## To do
In the entries below, which lines run from the one with "머리글이나 바닥글은 책을" through the one with "diese mit F2."? Repeat exactly those, both included, and no pictures.

## Data for analysis
= = = = = = =

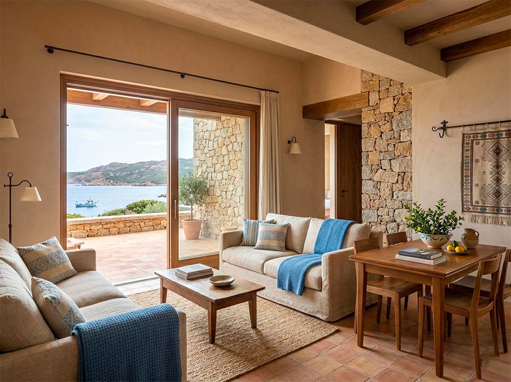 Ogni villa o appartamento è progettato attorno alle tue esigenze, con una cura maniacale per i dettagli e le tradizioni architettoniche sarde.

= = = = = = =

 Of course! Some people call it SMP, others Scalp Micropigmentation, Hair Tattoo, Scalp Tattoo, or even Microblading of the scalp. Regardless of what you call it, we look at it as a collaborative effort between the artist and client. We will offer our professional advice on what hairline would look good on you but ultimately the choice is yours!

= = = = = = =

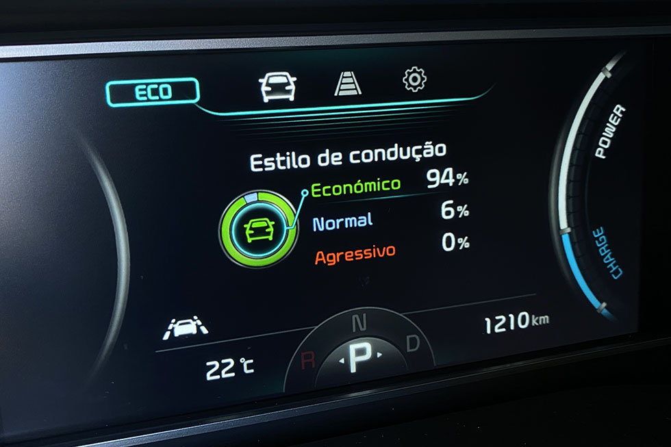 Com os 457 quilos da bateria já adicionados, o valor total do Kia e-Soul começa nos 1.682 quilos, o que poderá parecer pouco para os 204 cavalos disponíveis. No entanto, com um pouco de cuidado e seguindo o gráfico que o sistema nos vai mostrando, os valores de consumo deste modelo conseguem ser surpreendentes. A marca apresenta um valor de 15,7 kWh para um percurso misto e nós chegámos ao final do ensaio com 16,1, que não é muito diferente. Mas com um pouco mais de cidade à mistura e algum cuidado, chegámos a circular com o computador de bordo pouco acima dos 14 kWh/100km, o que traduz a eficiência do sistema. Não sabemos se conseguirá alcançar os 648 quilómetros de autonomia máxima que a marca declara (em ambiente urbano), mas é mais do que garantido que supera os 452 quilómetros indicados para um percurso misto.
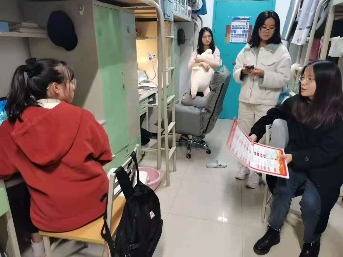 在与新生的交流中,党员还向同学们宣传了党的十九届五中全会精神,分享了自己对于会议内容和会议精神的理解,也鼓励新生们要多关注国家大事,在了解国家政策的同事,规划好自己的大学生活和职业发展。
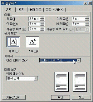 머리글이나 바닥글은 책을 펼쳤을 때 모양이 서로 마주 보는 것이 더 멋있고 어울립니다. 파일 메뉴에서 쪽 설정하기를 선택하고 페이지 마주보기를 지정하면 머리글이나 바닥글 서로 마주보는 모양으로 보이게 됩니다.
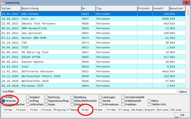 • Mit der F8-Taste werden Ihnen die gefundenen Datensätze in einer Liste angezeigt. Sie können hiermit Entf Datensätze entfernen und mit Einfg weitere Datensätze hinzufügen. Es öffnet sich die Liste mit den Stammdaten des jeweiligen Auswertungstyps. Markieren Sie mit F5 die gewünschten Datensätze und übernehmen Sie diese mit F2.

= = = = = = =

## Your response
 머리글이나 바닥글은 책을 펼쳤을 때 모양이 서로 마주 보는 것이 더 멋있고 어울립니다. 파일 메뉴에서 쪽 설정하기를 선택하고 페이지 마주보기를 지정하면 머리글이나 바닥글 서로 마주보는 모양으로 보이게 됩니다.
 • Mit der F8-Taste werden Ihnen die gefundenen Datensätze in einer Liste angezeigt. Sie können hiermit Entf Datensätze entfernen und mit Einfg weitere Datensätze hinzufügen. Es öffnet sich die Liste mit den Stammdaten des jeweiligen Auswertungstyps. Markieren Sie mit F5 die gewünschten Datensätze und übernehmen Sie diese mit F2.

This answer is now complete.